Выражаясь образно, а при конкретном понимании пространства — и не образно, можно сказать, что пространство ломается при скоростях, больших скорости света…»[206]

Бытие и инобытие зримо представлены в геометрических мнимостях:

«…провал геометрической фигуры означает вовсе не уничтожение ее, а именно ее переход на другую сторону поверхности и, следовательно, доступность существам, находящимся по ту сторону поверхности»[207].

Внимание к геометрическим, математическим «схемам», которым причастны вещи, к связям геометрии и философии времени роднит Бродского с Флоренским, но переживание и интерпретация этих связей — резко отличают. Телеологизм, принимаемый философом-священником, мучителен для поэта; для него это как бы детерминизм в квадрате[208]. А геометрическая схема вещи не приобщает предмет к вечности, а лишает своеобразия:

Вечер. Развалины геометрии.
Точка, оставшаяся от угла.
Вообще: чем дольше, тем беспредметнее.
Там раздеваются догола.
<…>
Это — комплекс статуи, слиться с теменью
согласной, внутренности скрепя.
Человек отличается только степенью
отчаянья от себя.
(«Вечер. Развалины геометрии…», 1987 [III; 136])

Звезда, светящаяся точка на границе двух миров, олицетворяет не только близость Другому, но и одиночество.

Он был всего лишь точкой. И точкой была звезда.
Внимательно, не мигая, сквозь редкие облака,
на лежащего в яслях ребенка издалека,
из глубины Вселенной, с другого ее конца,
звезда смотрела в пещеру. И это был взгляд Отца.
(«Рождественская звезда», 1987 [III; 127])

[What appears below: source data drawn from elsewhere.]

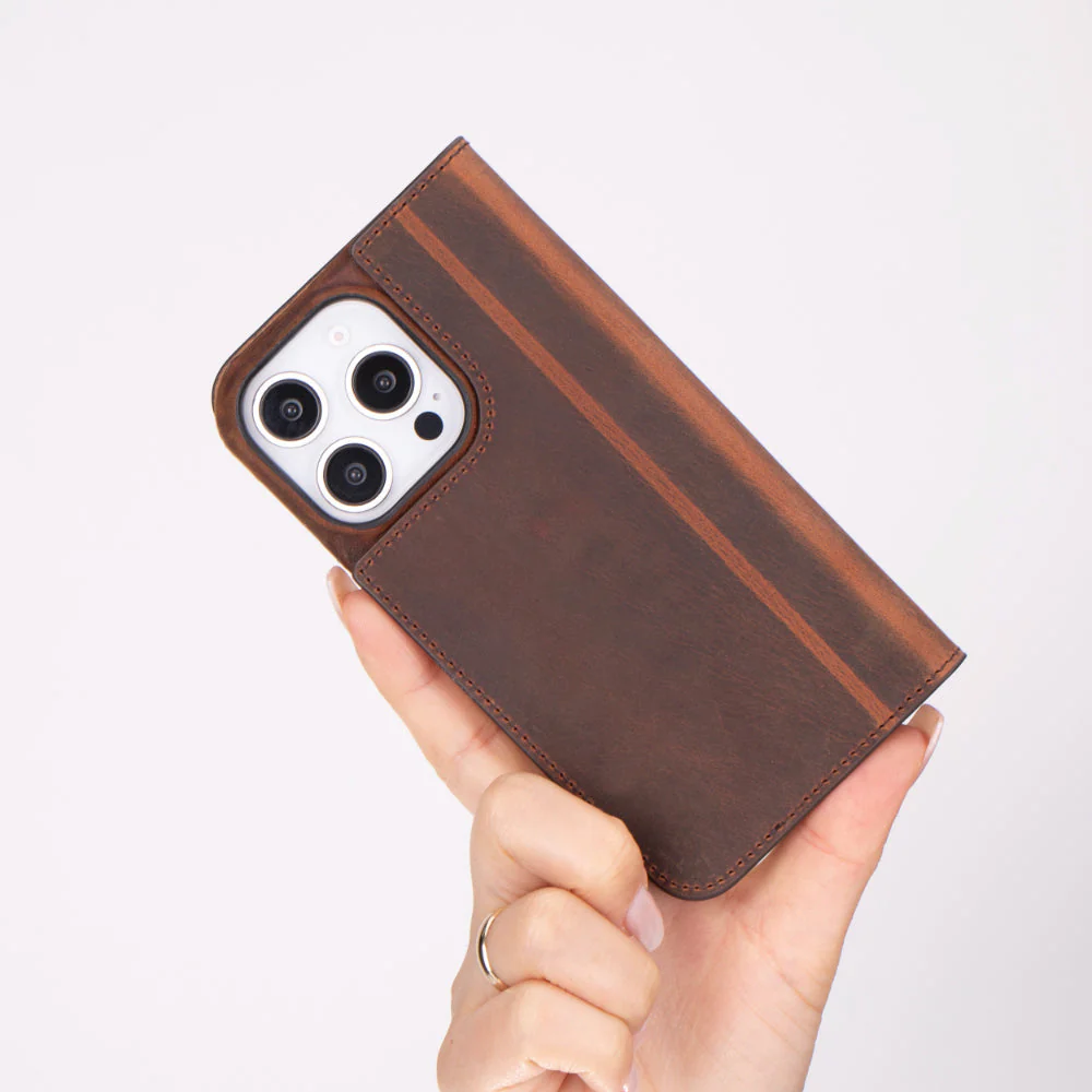 Leren foliohoesje voor de iPhone 16 Pro Max, speciaal gemaakt voor liefhebbers van leer. Het hoesje is vervaardigd uit echt leer en zal naarmate de tijd verstrijkt een tijdloze en robuuste uitstraling ontwikkelen, terwijl uw telefoon beschermd wordt tegen dagelijks gebruik.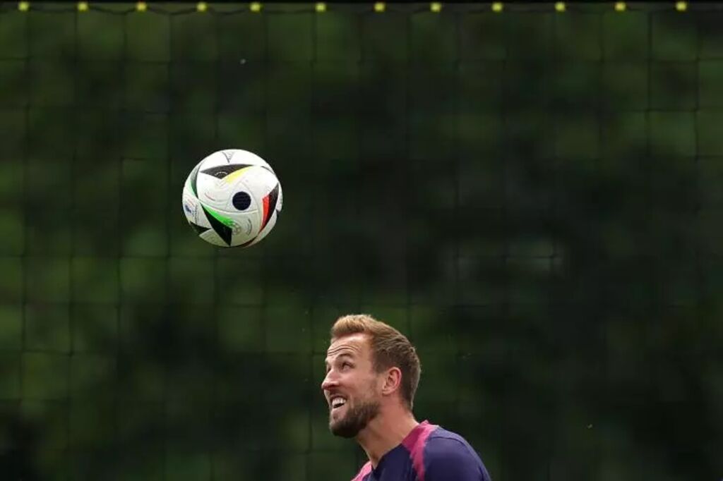 | L'attaquant anglais Harry Kane samedi 29 juin à l'entraînement à Blankenhain. |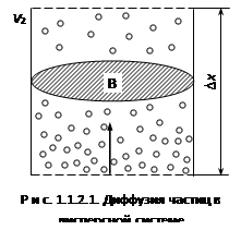 – объем дисперсной системы). Диффузия направлена из области с большей концентрации в область с меньшей концентрацией, т.е. снизу вверх (на рис. показано стрелкой). Диффузия характеризуется определенной скоростью перемещения вещества через поперечное сечение В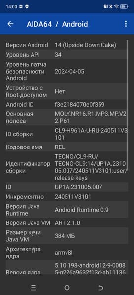 - Операционная система Android 14, HiOS 14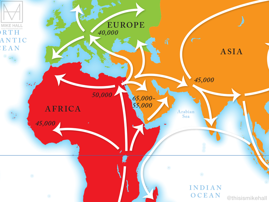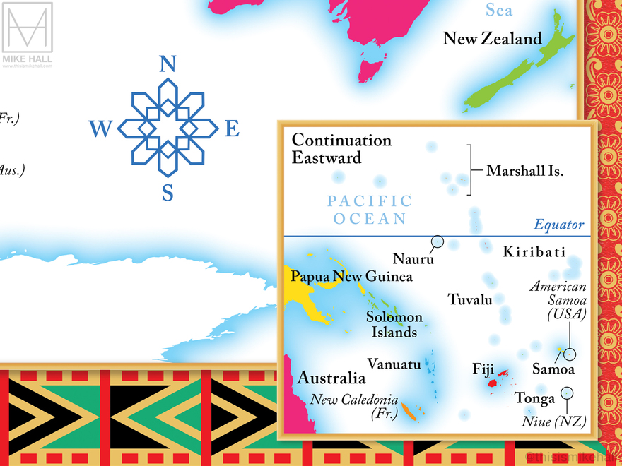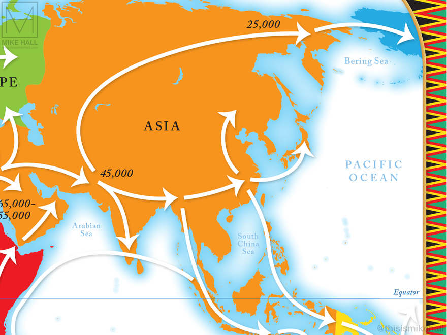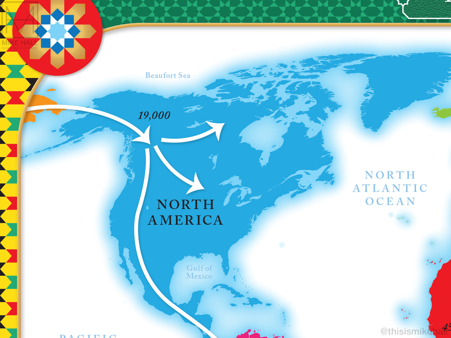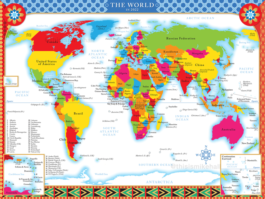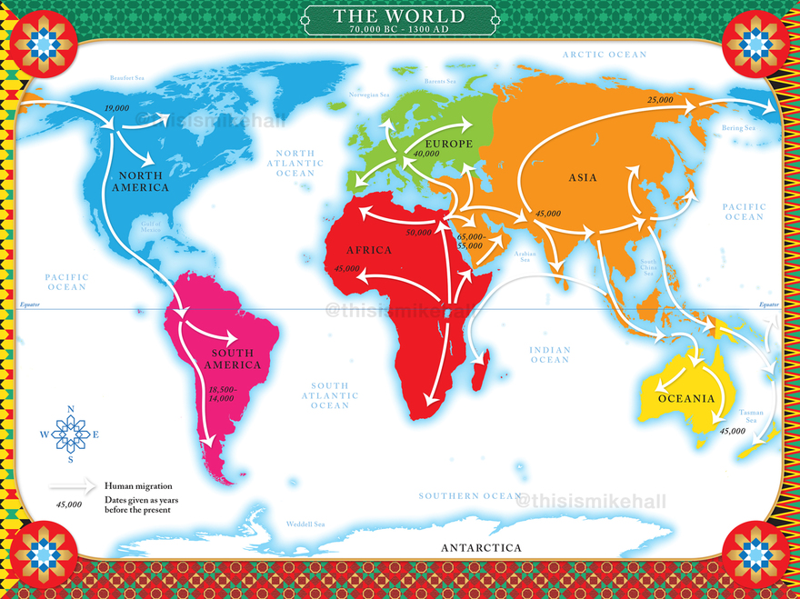 This pair of colourful maps were designed for the endpapers of the historian Simon Sebag Montefiore's new book on human history The World: A Family History (Orion Books, 2022). Their style, colour scheme and decoration were designed to match the multicoloured, geometric patterns of the book's cover. Both maps use the same identical projection and composition, with differing details. The first highlights the seven continents and the patterns of early human migration from Africa across the rest of the globe up to c.14,000 years ago, while the second is a political map of the world that labels every country and major territory as of 2022.

«Небесное око» с Земли видится звездою, но, может быть, это взгляд не Другого, а самого земного «созерцателя», «Я» — поэта, одинокого и единственного в пустом космосе:

Но, как звезда через тыщу лет,
Не нужная никому,
что не так источает свет,
как поглощает тьму,
следуя дальше, чем тело, взгляд,
глаз, уходя вперед,
станет назад посылать подряд
все, что в себя вберет.
(«Полдень в комнате», II; 453)

Звезда у Бродского (кстати, постоянный образ его рождественских стихов) направляет нас не только к Евангельской Звезде Вифлеема, но и к платоновской седьмой сфере, и к звездному небу Канта. Но у Бродского звезда чаще всего единственна, посылаемая ею световая эманация (вещные архетипы или образы памяти) может остаться неувиденной. Она онтологически случайна. Это существование, оторвавшееся от сущности.

В поэзии Бродского нет посредника между Первоначалом и созерцателем. Ни мировой души, ни Демиурга Платона, ни иерархии неоплатоников, ни небесных сил Псевдо-Дионисия Ареопагита. Если в пространстве Бродского возникает ангел (напоминающий авиатора), он — лишь изъян на чистой плоскости неба. Между Вечностью и Временем нет зона, «временной вечности», связующего их звена. Остаются: Единое (Бог?), единичные вещи и одинокий человек. Это одиночество свободы, — но и интеллектуальной драмы.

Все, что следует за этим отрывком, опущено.